Now, disabling suricata and rebooting gives me a different result. Now the issue is with php still but also with python3.8.


  PID USERNAME    THR PRI NICE   SIZE    RES STATE    C   TIME    WCPU COMMAND
  PID USERNAME    THR PRI NICE   SIZE    RES STATE    C   TIME    WCPU COMMAND
93888 root          1  90    0   110M    82M RUN      0   0:14  75.59% php
35258 root          1  88    0   319M   308M CPU3     3   0:12  64.56% python3.8
39001 root          1  87    0   116M    82M CPU1     1   0:12  59.04% php
78509 root          1  87    0   319M   308M RUN      2   0:15  55.70% python3.8
81797 root          1  87    0   407M   388M CPU0     0   0:37  50.51% python3.8
82987 root          1  88    0   124M    95M RUN      3   0:51  46.82% php-cgi
51231 root          1  88    0   319M   308M RUN      2   0:17  43.79% python3.8
...


Unfortunately, not being immortal, and having less time to live than most on this forum, I may have to abandon OPNsense. I really cannot afford to spend days trying to fix a network issue that is not productive of my time. This is my perimeter router and it need be stable.


#10
First of all, sorry if this is a simple issue, I am a newbie with OPNsense and FreeBSD.

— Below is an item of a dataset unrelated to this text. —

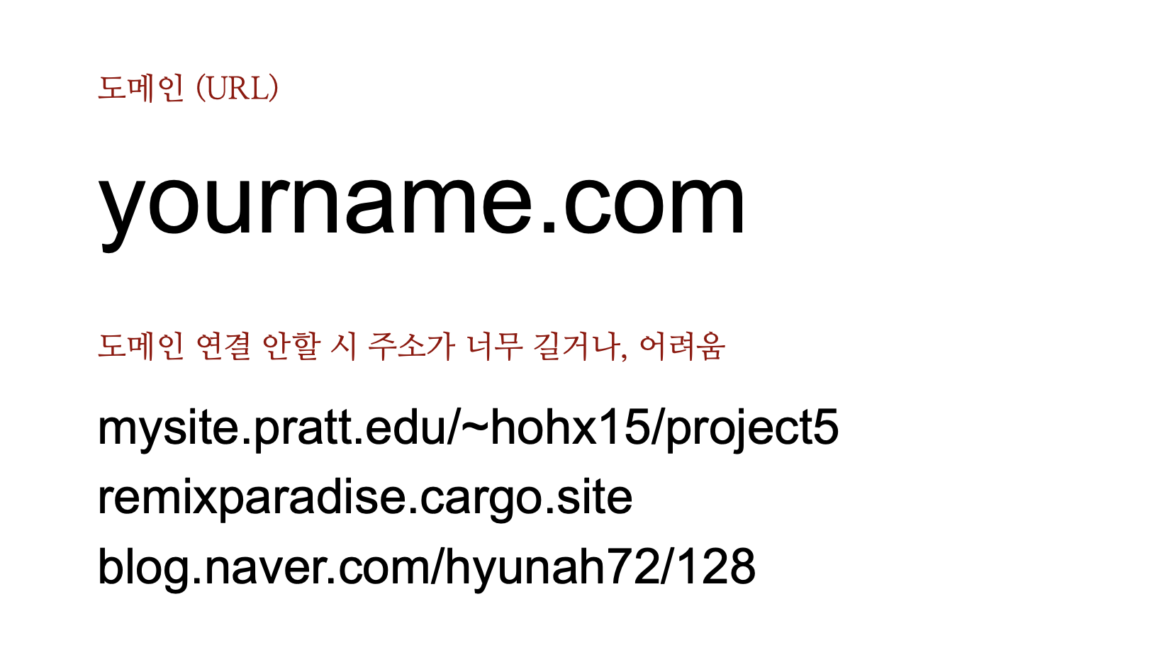예를 들어, 본인이 무료/유료 웹사이트 서비스, 예를 들어 cargo(카고), wix(윅스), squarespace(스퀘어스페이스), adobe portfolio(어도비 포트폴리오), wordpress(워드프레스) 등을 통해서 웹사이트를 만들면 도메인이 아래와 같이 너무 길고 복잡해집니다. 한 번 잊어버리면 다시 떠올리기도 힘들고, 이력서에 넣기에도 줄이 길어져서 자리를 많이 차지하게 됩니다.

I tried some  solutions I could find on this forum:
1. reboot
2. deactivate Reporting -> Netflow -> Capture local
3. repair Netlow data

All these to no avail.

Web access to OPNsense dashboard and other is extremely slow.


Running top shows me an inordinate usage of CPU by php!

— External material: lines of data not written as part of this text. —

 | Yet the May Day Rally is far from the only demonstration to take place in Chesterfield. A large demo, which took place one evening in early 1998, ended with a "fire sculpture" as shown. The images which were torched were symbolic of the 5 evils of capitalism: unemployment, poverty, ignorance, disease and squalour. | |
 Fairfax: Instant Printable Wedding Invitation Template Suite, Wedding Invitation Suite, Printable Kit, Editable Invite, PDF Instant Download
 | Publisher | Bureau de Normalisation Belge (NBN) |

  PID USERNAME    THR PRI NICE   SIZE    RES STATE    C   TIME    WCPU COMMAND
12779 root          1  85    0   108M    80M CPU2     2   0:29  79.26% php-cgi
80884 root          1  94    0   147M   119M RUN      3   0:41  63.55% php-cgi
48574 root          1  82    0   106M    86M RUN      1   0:05  44.93% php
20355 root          1  82    0   106M    86M CPU1     1   0:05  39.04% php
70423 root          1  85    0   113M    85M RUN      0   1:12  31.66% php-cgi
7189 root          1  31    0   103M    76M CPU3     3   1:19  14.41% php-cgi
11907 root          7  20    0   110M    80M nanslp   2  42:27  14.19% suricata
13796 netdata      21  52   19   139M    91M pause    0   4:20   1.51% netdata
61383 root          3  52    0   280M   228M accept   1   3:13   1.29% python3.8
26015 netdata       2  39   19    52M    32M select   3   1:49   0.39% python3.8
10788 root          1  20    0  1038M  4284K CPU0     0   0:00   0.13% top
57233 root          1  20    0    18M  8144K kqread   3   0:06   0.09% lighttpd
27323 netdata       1  39   19    18M  7024K nanslp   1   0:16   0.05% apps.plugin
54279 root          1  20    0    23M    14M select   2   0:17   0.05% python3.8
44278 root          1  20    0    18M  6372K select   2   0:09   0.03% ntpd
13176 root          3  20    0    30M    10M kqread   2   0:03   0.03% syslog-ng
51196 root          1  20    0    21M    11M select   2   0:06   0.02% python3.8
63155 root          1  20    0    21M    11M select   2   0:06   0.02% python3.8
32033 root          1  20    0    17M  7908K select   0   0:00   0.02% sshd
73352 root          1  20    0    11M  2704K select   0   0:01   0.01% syslogd
...


Tried a few more things since first posting this:

1. deleted all widgets from the portal - result in slightly lower php usage
2. Reset RRD
3. reset Netflow data

All to no avail again!

The problem is very likely to be a php issue.  Unfortunately my knowledge of php is close to nil.  :(

Can this be fixed and how, or do I need a re-install?

Thanks for any help.

If any other info is required, let me know.
#11
21.7 Legacy Series / Re: 21.7.3. - high CPU and MEM usage
September 23, 2021, 02:29:10 AM
I had the same issue (cpu 100%) after the latest automatic update. A reboot fixed the problem.